Unsurprsingly for a CSJ report, the recommendations are wide-ranging and robust. They include:

  • New powers to make it easier to close down “head shops”
  • More resources to clamp down on online sales of legal highs
  • A ‘treatment tax’ added to off-licence alcohol sales to fund rehab for people with alcohol and drug addictions. Under the scheme, a levy of a penny per unit would be added by the end of the next Parliament to fund recovery services to the tune of £1.1billion over the five years.
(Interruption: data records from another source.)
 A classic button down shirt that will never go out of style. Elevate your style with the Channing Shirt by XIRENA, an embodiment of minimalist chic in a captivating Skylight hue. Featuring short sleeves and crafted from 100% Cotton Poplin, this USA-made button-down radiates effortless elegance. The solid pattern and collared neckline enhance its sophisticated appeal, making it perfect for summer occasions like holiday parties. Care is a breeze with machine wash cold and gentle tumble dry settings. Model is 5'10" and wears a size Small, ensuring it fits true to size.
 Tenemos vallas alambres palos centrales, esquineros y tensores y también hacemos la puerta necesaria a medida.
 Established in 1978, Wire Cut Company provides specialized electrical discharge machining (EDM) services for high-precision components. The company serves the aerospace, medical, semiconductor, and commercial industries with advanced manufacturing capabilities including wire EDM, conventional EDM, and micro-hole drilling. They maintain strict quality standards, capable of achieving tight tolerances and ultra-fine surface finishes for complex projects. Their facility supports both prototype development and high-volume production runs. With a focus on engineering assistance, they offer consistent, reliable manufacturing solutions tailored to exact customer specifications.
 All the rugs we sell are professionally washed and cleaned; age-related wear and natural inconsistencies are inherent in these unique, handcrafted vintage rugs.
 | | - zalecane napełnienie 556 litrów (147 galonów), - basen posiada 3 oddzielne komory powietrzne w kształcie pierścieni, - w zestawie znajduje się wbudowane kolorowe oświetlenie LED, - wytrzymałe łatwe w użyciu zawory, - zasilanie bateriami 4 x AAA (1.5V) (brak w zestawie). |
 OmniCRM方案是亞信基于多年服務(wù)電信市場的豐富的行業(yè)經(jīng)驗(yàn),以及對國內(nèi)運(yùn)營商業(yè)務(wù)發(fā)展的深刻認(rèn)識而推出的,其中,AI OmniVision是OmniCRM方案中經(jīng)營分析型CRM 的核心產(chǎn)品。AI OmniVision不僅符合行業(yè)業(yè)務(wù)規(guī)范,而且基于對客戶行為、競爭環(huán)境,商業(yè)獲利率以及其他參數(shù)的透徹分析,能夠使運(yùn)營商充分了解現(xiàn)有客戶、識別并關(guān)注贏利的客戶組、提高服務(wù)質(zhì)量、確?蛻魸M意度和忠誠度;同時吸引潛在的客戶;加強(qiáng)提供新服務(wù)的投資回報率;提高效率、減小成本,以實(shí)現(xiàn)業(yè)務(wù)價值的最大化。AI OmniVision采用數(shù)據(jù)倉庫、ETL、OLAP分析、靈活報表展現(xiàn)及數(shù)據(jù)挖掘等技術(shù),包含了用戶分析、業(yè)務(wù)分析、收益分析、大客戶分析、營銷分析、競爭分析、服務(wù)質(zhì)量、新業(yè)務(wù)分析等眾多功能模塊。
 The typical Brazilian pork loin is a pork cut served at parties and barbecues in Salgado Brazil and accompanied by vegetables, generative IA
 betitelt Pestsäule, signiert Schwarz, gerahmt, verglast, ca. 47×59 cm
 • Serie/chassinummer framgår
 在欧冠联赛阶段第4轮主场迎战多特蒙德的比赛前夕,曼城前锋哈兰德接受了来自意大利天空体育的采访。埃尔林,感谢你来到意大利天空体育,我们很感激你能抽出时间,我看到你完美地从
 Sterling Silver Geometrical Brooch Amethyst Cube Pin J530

The proceeds from this treatment tax would be used to fund a network of abstinence based rehabilitation centres. Once these rehab units are in place, it’s not surprising to read that Ian Duncan Smith’s Think Tank recommends that:

  • Drug and alcohol users who don’t “address their addiction” will have their benefits cut and
  • The introduction of a ‘welfare card’ where a proportion of benefits would have to be spent on essentials like food, clothing and travel. This would apply to alcohol or drug addicts with dependent children who refuse treatment and who have not been in work for a year.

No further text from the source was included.